Exercise instructions: The full listing, minus its pictures, should be printed again exactly as it stands.
[Opening Data provided section]
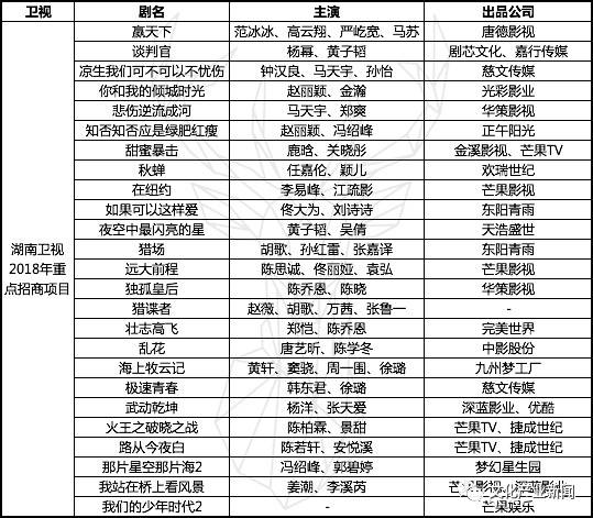 首先,来看一下五大卫视2018年招商电视剧汇总(网传最全):
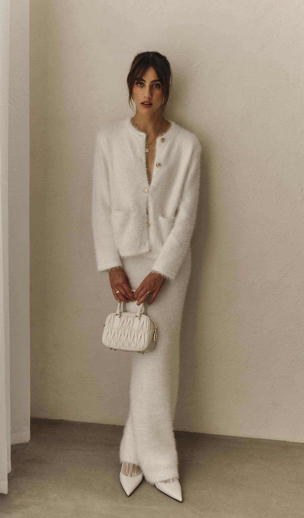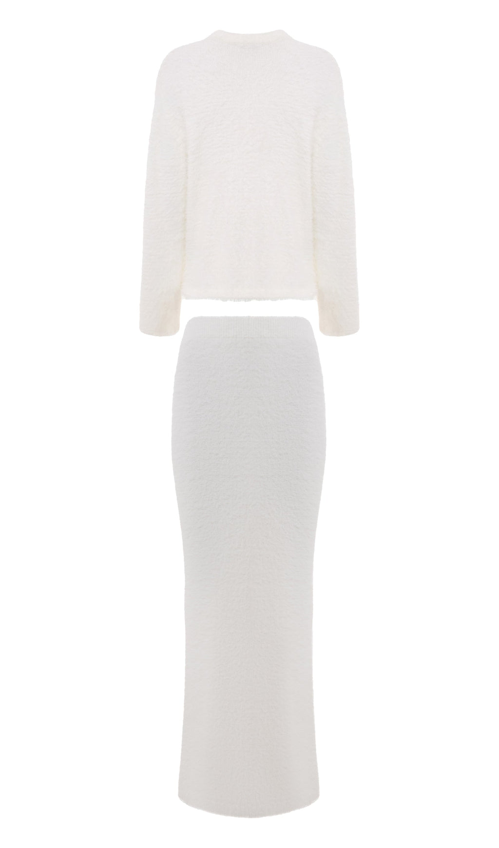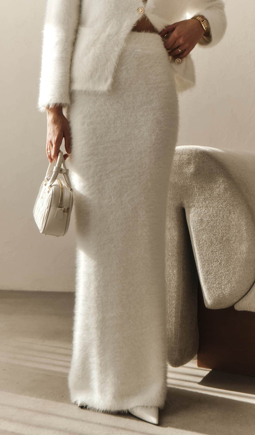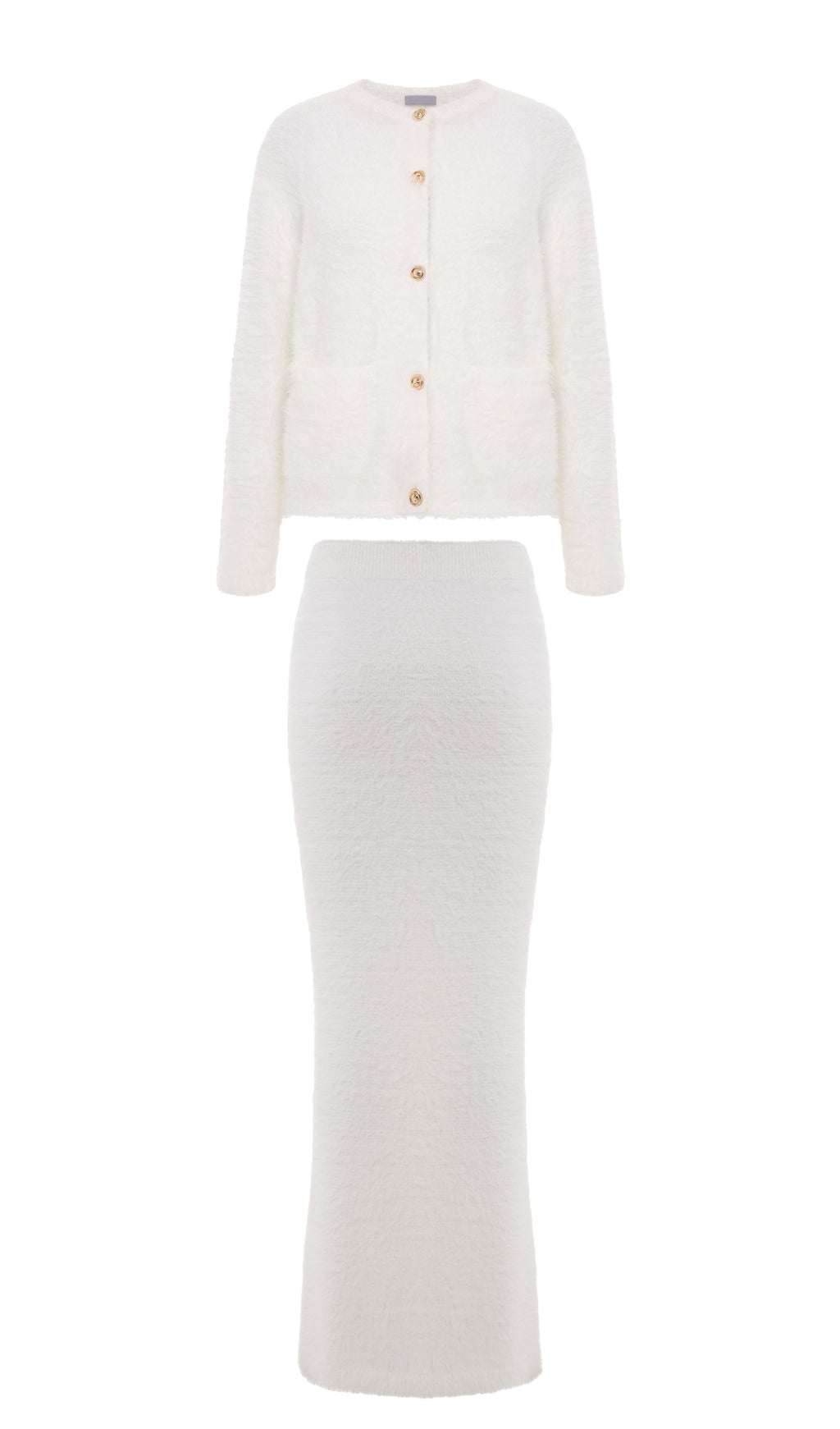 Soft, plush, and effortlessly refined, the Aria Set features a relaxed V-neck cardigan paired with a matching maxi skirt. Its cloud-like knit and clean silhouette create a cozy-luxurious look perfect for both elevated lounging and everyday elegance.
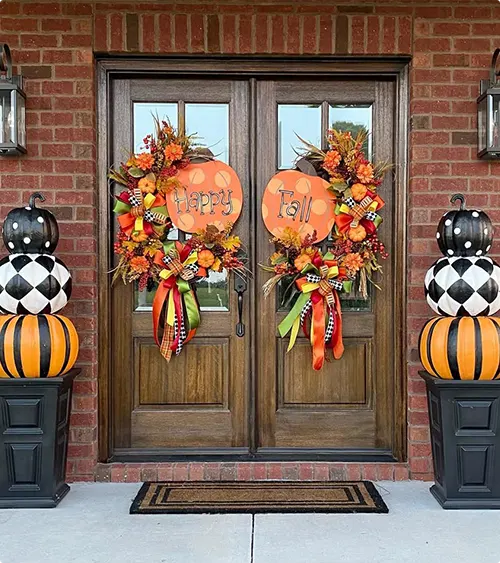 Those oversized pumpkin wreaths are so fun and festive. They turn your entrance into a full Halloween moment.
[Closing Data provided section]
Task result:
 首先,来看一下五大卫视2018年招商电视剧汇总(网传最全):
 Soft, plush, and effortlessly refined, the Aria Set features a relaxed V-neck cardigan paired with a matching maxi skirt. Its cloud-like knit and clean silhouette create a cozy-luxurious look perfect for both elevated lounging and everyday elegance.
 Those oversized pumpkin wreaths are so fun and festive. They turn your entrance into a full Halloween moment.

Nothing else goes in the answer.